What you need to do
Repeat each record exactly as written, and drop any images.

Source information
[Start of section]
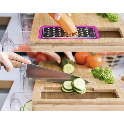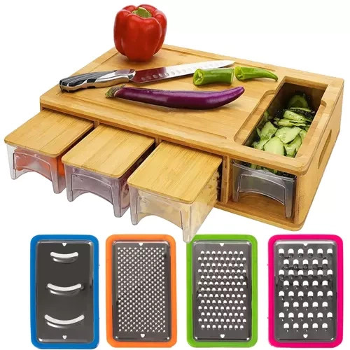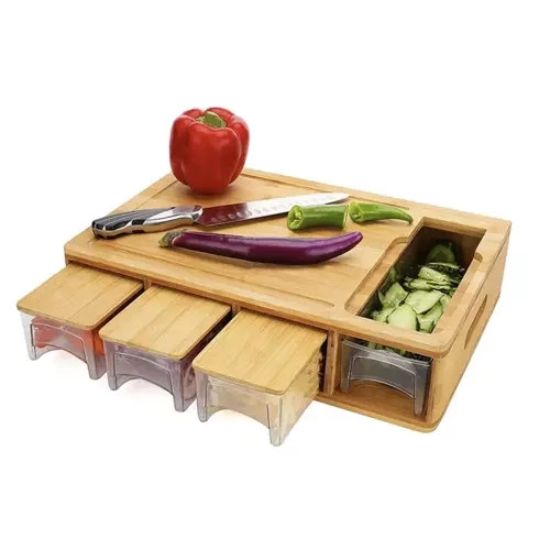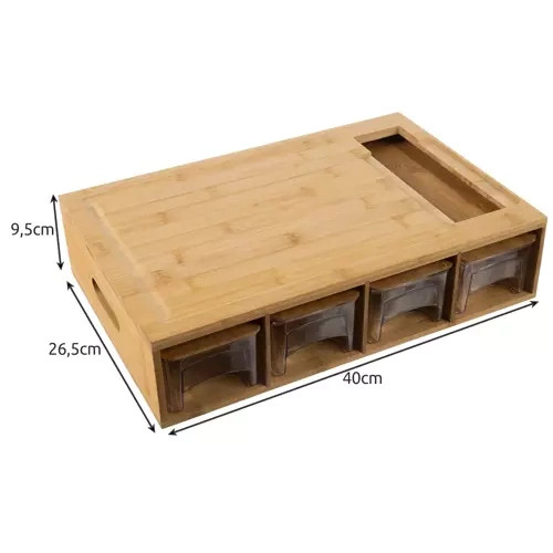 Bambusz vágódeszka, 4 reszelővel + 4 rekesszel
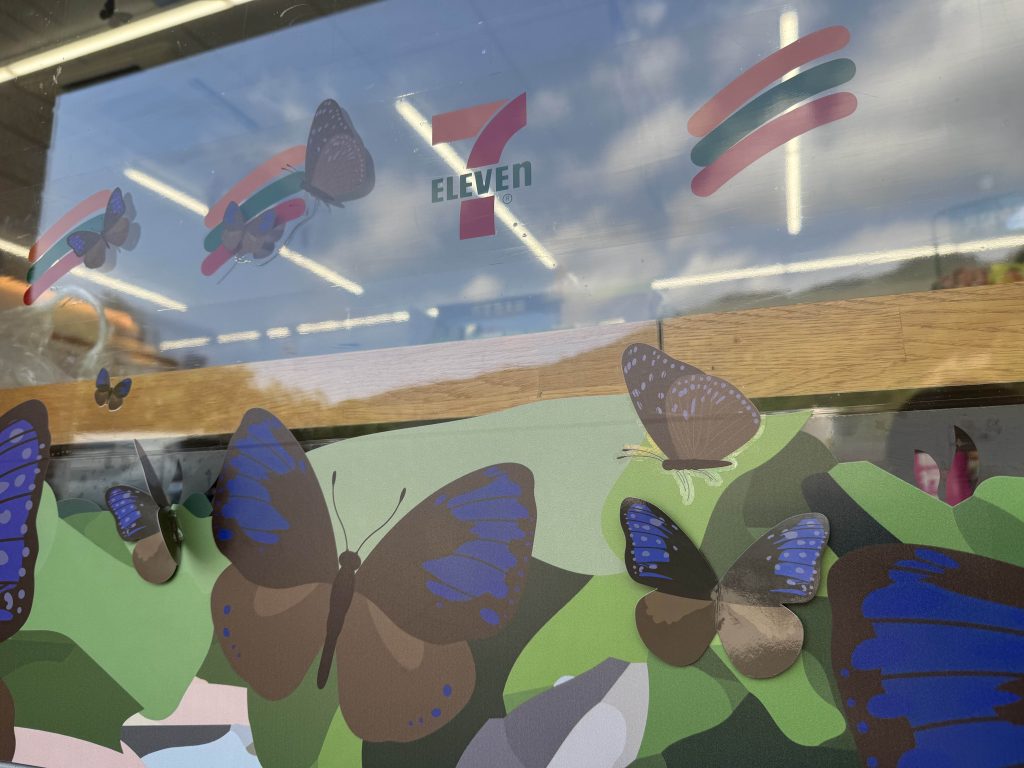 7-ELEVEN表示,響應茂管處的綠色旅遊的概念及發想下,透過雙方的合作與加盟主的重視,於茂林區入口處7-ELEVEN茂林門市,共同打造一座全新「紫斑蝶主題門市」,於門市內外規劃生態窗貼、蜜源植物栽種、生態布景,提供紫斑蝶自由休憩覓食、降低窗殺機率,為7-ELEVEN友善紫斑蝶2.0版全新做法,更期待帶給旅客一種親近在地自然美的感受。「我們希望每位走進門市的朋友,都能感受到茂林的自然美、族群文化,以及紫斑蝶背後的故事。這裡不只是補給站,也是旅人與山谷對話的小小起點。」
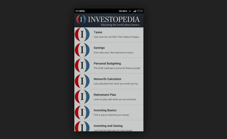Investopedia is one of the go-to places for anyone seeking knowledge about every type of trading. Full of the latest news, trading hints and tips and more, the website is a great source to train anyone new to trading. The app is full of all the same information and features, with the ability of using it on the move and away from an internet source.
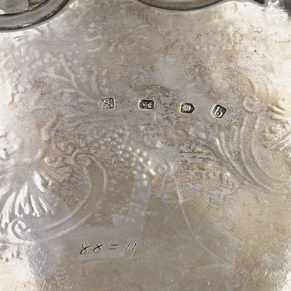 orafo Robert Abercromby, corpo smerlato ed inciso con motivi floreali e vegetali, poggiante su tre piedini a riccio, 5x46 cm. , peso 2710 gr.
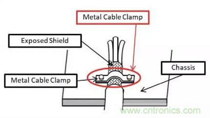 一個好的電磁干擾屏蔽是通過一個完整的360°外殼周圍的保護裝置來完成。完整的360°屏蔽是環(huán)繞整個受保護設備(例如電纜)并將其連接到底盤(見圖1)的環(huán)向終止端子上。
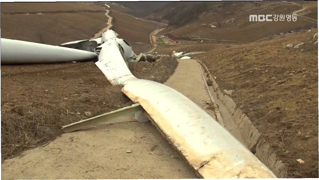 경북 영덕서 풍력발전기 엿가락처럼 부러져
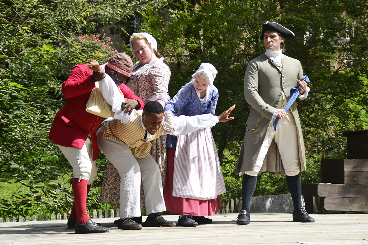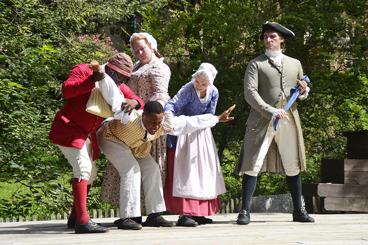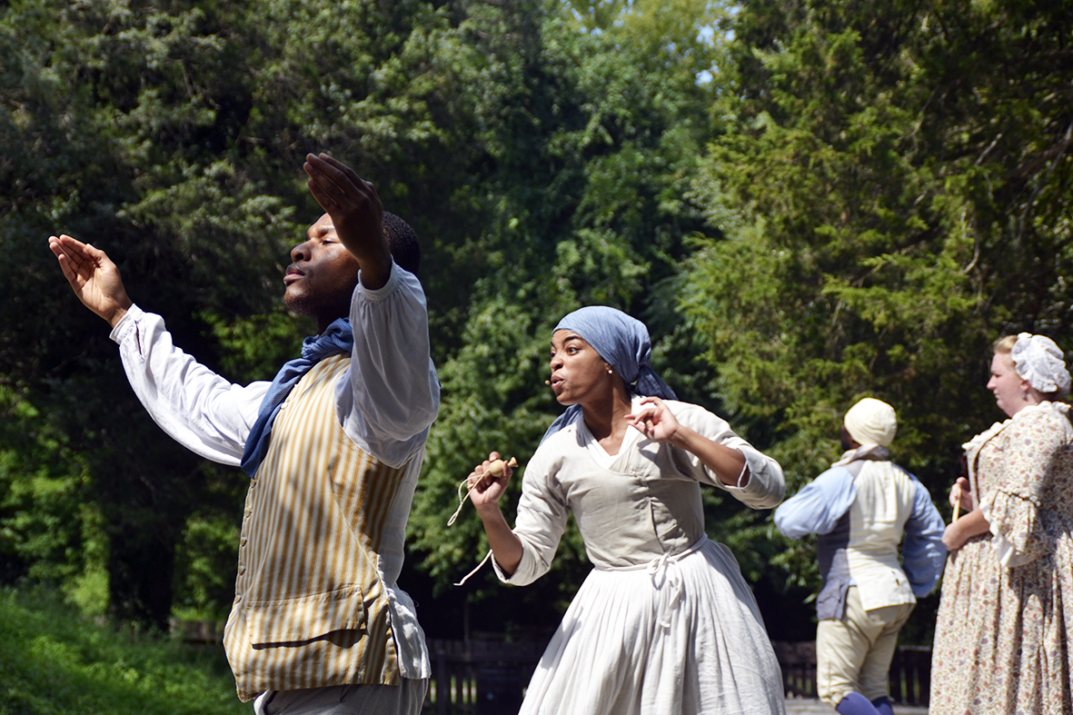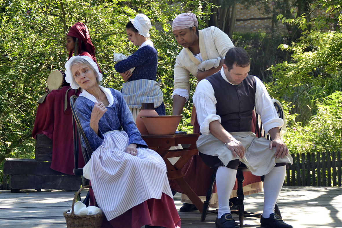 Speaking of devised theatre, multi-vocality and democratic relations between interpreters themselves, and interpreters and audience, in general between past and present values, it is necessary to mention Journey to redemption performance. I cannot separate clearly whether the show is connected more with theatre or heritage. “Redemption” is not a formal theatre performance, and there is no classical script either. It is not about acting, yet it is all about it. It is actually difficult to explain what “Redemption” is, in sense of performance as much as it is difficult to explain the concept and proportions of the process that we name redemption in a real life. Quite interactively demanding (for and between actors on the stage) “Redemption” brings fantastic rhythm through choreography, dialogues and body language. Due to the flow of parallel narratives and their interweaving, there isn’t much time for thinking during the play – you have to give yourself over to the performance. The emotional and mental accents are perfectly positioned and hit the audience in the right moments. Also, maybe, the most important: six actors build twelve characters – six historical and six real: themselves. So, these are biographies as much as autobiographies, histories as well as confessions. Conversions from “self” as a character to self as a real person (also played) are so subtle that chronologies become intertwined. The past becomes relevant as much as contemporaneity and values and meanings are not lost in the way. Journey to redemption is a drama play and art-performance, theatre and reality, the act of authorship and participation. It also represents, it seems to me, Colonial Williamsburg on its qualitative peak in this moment – crossing the line (final statement of the show itself) and limits of museum performative interpretation.
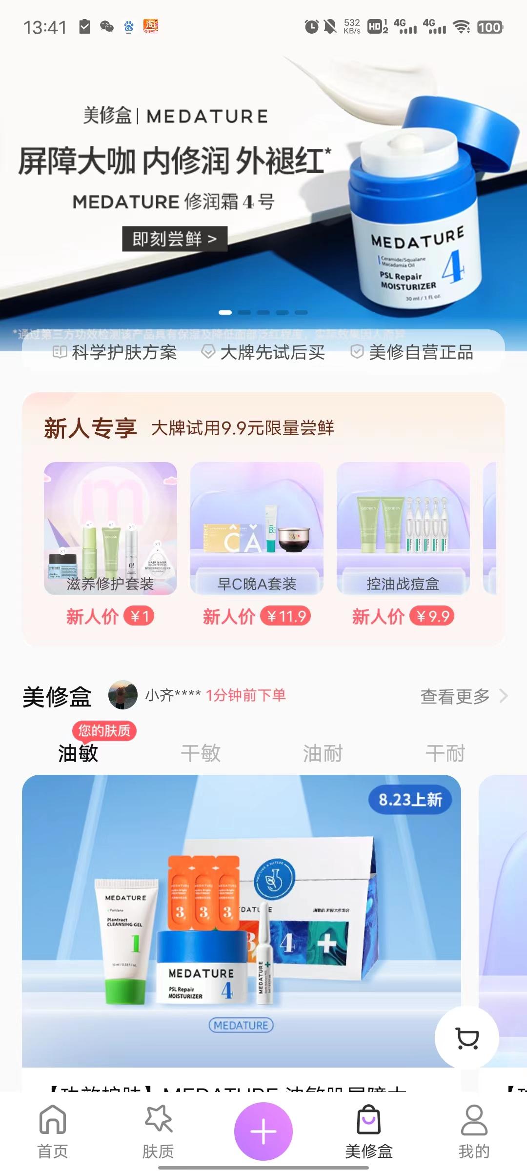 小陈是一名在校女大学生,平时的生活费不是很多,买东西一般都追求性价比。刚好她的护肤品用完了,而且之前的护肤品不太适合自己,用了之后长痘痘,这次想换一个效果更好的,但是小陈不敢轻易下手,怕再次买到不适合自己的产品。这时室友推荐她下载美丽修行APP,并告诉她美丽修行可以测肤质,并且根据个人肤质推荐产品,于是小陈果断下载并且通过拍照测肤获得了自己的专属肤质报告,同时系统还给她推荐了相同肤质的人正在使用的护肤品,小陈经过对比选择了适合自己的并且下单购买,使用之后发现确实好用,决定以后经常打开美丽修行看看。
[End of section]
Response area
 Bambusz vágódeszka, 4 reszelővel + 4 rekesszel
 7-ELEVEN表示,響應茂管處的綠色旅遊的概念及發想下,透過雙方的合作與加盟主的重視,於茂林區入口處7-ELEVEN茂林門市,共同打造一座全新「紫斑蝶主題門市」,於門市內外規劃生態窗貼、蜜源植物栽種、生態布景,提供紫斑蝶自由休憩覓食、降低窗殺機率,為7-ELEVEN友善紫斑蝶2.0版全新做法,更期待帶給旅客一種親近在地自然美的感受。「我們希望每位走進門市的朋友,都能感受到茂林的自然美、族群文化,以及紫斑蝶背後的故事。這裡不只是補給站,也是旅人與山谷對話的小小起點。」
Investopedia is one of the go-to places for anyone seeking knowledge about every type of trading. Full of the latest news, trading hints and tips and more, the website is a great source to train anyone new to trading. The app is full of all the same information and features, with the ability of using it on the move and away from an internet source.
 orafo Robert Abercromby, corpo smerlato ed inciso con motivi floreali e vegetali, poggiante su tre piedini a riccio, 5x46 cm. , peso 2710 gr.
 一個好的電磁干擾屏蔽是通過一個完整的360°外殼周圍的保護裝置來完成。完整的360°屏蔽是環(huán)繞整個受保護設備(例如電纜)并將其連接到底盤(見圖1)的環(huán)向終止端子上。
 경북 영덕서 풍력발전기 엿가락처럼 부러져
 Speaking of devised theatre, multi-vocality and democratic relations between interpreters themselves, and interpreters and audience, in general between past and present values, it is necessary to mention Journey to redemption performance. I cannot separate clearly whether the show is connected more with theatre or heritage. “Redemption” is not a formal theatre performance, and there is no classical script either. It is not about acting, yet it is all about it. It is actually difficult to explain what “Redemption” is, in sense of performance as much as it is difficult to explain the concept and proportions of the process that we name redemption in a real life. Quite interactively demanding (for and between actors on the stage) “Redemption” brings fantastic rhythm through choreography, dialogues and body language. Due to the flow of parallel narratives and their interweaving, there isn’t much time for thinking during the play – you have to give yourself over to the performance. The emotional and mental accents are perfectly positioned and hit the audience in the right moments. Also, maybe, the most important: six actors build twelve characters – six historical and six real: themselves. So, these are biographies as much as autobiographies, histories as well as confessions. Conversions from “self” as a character to self as a real person (also played) are so subtle that chronologies become intertwined. The past becomes relevant as much as contemporaneity and values and meanings are not lost in the way. Journey to redemption is a drama play and art-performance, theatre and reality, the act of authorship and participation. It also represents, it seems to me, Colonial Williamsburg on its qualitative peak in this moment – crossing the line (final statement of the show itself) and limits of museum performative interpretation.
 小陈是一名在校女大学生,平时的生活费不是很多,买东西一般都追求性价比。刚好她的护肤品用完了,而且之前的护肤品不太适合自己,用了之后长痘痘,这次想换一个效果更好的,但是小陈不敢轻易下手,怕再次买到不适合自己的产品。这时室友推荐她下载美丽修行APP,并告诉她美丽修行可以测肤质,并且根据个人肤质推荐产品,于是小陈果断下载并且通过拍照测肤获得了自己的专属肤质报告,同时系统还给她推荐了相同肤质的人正在使用的护肤品,小陈经过对比选择了适合自己的并且下单购买,使用之后发现确实好用,决定以后经常打开美丽修行看看。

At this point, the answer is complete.